On Wednesday morning I got in the car and drove through the high-hedged lanes, up Bulburrow hill and down again to Crewkerne. I parked outside Gateway and walked the short distance to the cobbled square, where the town hall stood in the center with a huge bronze statue of the man who had founded the town’s first paper factory. According to the inscription, Titus Sorrell turned round Crewkerne’s ailing economy in the mid-nineteenth century. I’d arranged to meet Clive there, on the bench outside The George. When I sat down an elderly man joined me, planting himself at the opposite end. I looked at the clock tower. Eleven-thirty exactly. Titus surveyed his empire smugly while pigeons fought to perch on his shoulders, desecrating him front and back.
At 11:33 Clive arrived. He sat down next to me and we both looked ahead at Titus and his pigeons for a while. Finally he said, “I’ve been thinking that if you could find a way to tag other species radioactively you could make some great progress with migratory patterns. There’s been so little research in that area, Ginny. The society might like that.”
I didn’t reply. At that moment I didn’t care what the society might like and I could hardly believe that he could.
“Yup,” said the man at the end of the bench eagerly, and for a few seconds I thought, perhaps, that I’d walked into someone else’s conversation. The man and I exchanged a pleasant look. Perhaps he’d only worried it was his conversation because no one else had replied. I glanced at Clive, who stared distantly at the cobbled square and the statue. He seemed altogether older—a real old man—and something else had changed about him too. It was as if Maud’s death had shaken the character out of him, his enthusiasm for life and everything that made him who he was, turning him limp.

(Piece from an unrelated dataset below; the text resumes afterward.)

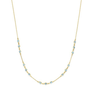 Geelgoud op 925 zilveren collier uitgevoerd met blauw topaas. Het collier heeft een schakelbreedte van 1.2mm en een draaglengte van 45cm. Geen garantie op de plating.

“What did Vivien say?” he asked after a while.
“I haven’t seen her. She won’t come to the house.”
There was a long silence.
“You’ll tell her I love her, won’t you?” he said at last, and, although that should have been a happy tribute, there was something too absolute and eter
nal about it, and I couldn’t help feeling a little sorrow spill from my heart.
Two men bailed out of The George, shouting at each other and scaring the pigeons to the safety of the clock tower. When they had passed, the bravest of the birds flew down to reclaim Titus’s head.
“I’m pregnant,” I said, in a moment of unnecessary candidness. It was true, but I wasn’t so much telling him because he should know it, but because I wanted to tell him something happy, or perhaps to shock him—anything, in fact, to get a recognizable reaction from him. All he said was, “Very good.”
“Congratulations,” followed the old man on the far end of the bench.
“Thank you,” I said to both of them.
After a short silence the other man said, “Are you eating broad beans?” I found it impossible to know if he was now talking to me, or to Clive, or to the pigeons we were all looking at, or to some imaginary person, and I didn’t know whether to reply or to ignore him. I ignored him.
“You must eat broad beans,” he ordered firmly, “if you don’t want a spastic.”
“Thank you,” I told him, now understanding it was directed at me, and that he must surely have lost his marbles.
“Every day,” he said.
“Every day,” I repeated.
“Then you won’t have a spastic. Nobody wants a spastic,” he observed finally. There was a silence.
The old man leaned forward on his stick in a posture suggesting that he’d had his say and now he was finished.
Clive looked at his watch.
“You’ll be all right,” he said, and again I thought it might have been to either of us. “Well, I must be going now. I have flower-pressing class in ten minutes.”
And he went.
When I got home Arthur had let himself into the house. He was in the kitchen, waiting for me. It was lovely to see him and he gave me the first hug, a great big, long, silent one, that anyone had offered me since Maud’s death.